=== ASSIGNMENT ===
Given the records underneath, please repeat exactly the lines from the line with "El desvío de" through the line with "keeps his house!", passing over any picture.

[Opening SOURCE RECORDS section]

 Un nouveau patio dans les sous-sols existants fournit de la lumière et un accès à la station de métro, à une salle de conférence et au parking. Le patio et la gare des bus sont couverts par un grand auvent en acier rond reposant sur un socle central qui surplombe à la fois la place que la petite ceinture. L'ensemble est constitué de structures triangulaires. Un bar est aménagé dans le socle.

[Closing SOURCE RECORDS section]
[Opening SOURCE RECORDS section]

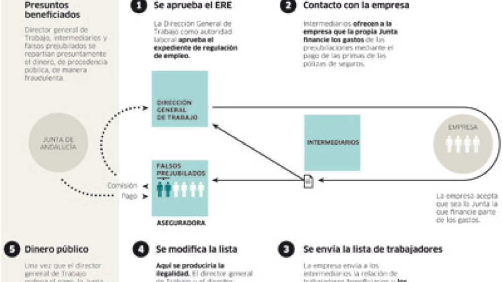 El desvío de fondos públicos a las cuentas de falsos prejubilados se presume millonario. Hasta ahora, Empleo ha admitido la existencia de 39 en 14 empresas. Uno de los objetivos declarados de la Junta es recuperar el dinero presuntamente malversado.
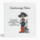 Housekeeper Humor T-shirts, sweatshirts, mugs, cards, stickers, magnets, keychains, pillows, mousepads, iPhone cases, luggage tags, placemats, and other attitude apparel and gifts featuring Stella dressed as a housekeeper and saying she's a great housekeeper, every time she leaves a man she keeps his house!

[Closing SOURCE RECORDS section]

=== RESPONSE TO THE EXERCISE ===
 El desvío de fondos públicos a las cuentas de falsos prejubilados se presume millonario. Hasta ahora, Empleo ha admitido la existencia de 39 en 14 empresas. Uno de los objetivos declarados de la Junta es recuperar el dinero presuntamente malversado.
 Housekeeper Humor T-shirts, sweatshirts, mugs, cards, stickers, magnets, keychains, pillows, mousepads, iPhone cases, luggage tags, placemats, and other attitude apparel and gifts featuring Stella dressed as a housekeeper and saying she's a great housekeeper, every time she leaves a man she keeps his house!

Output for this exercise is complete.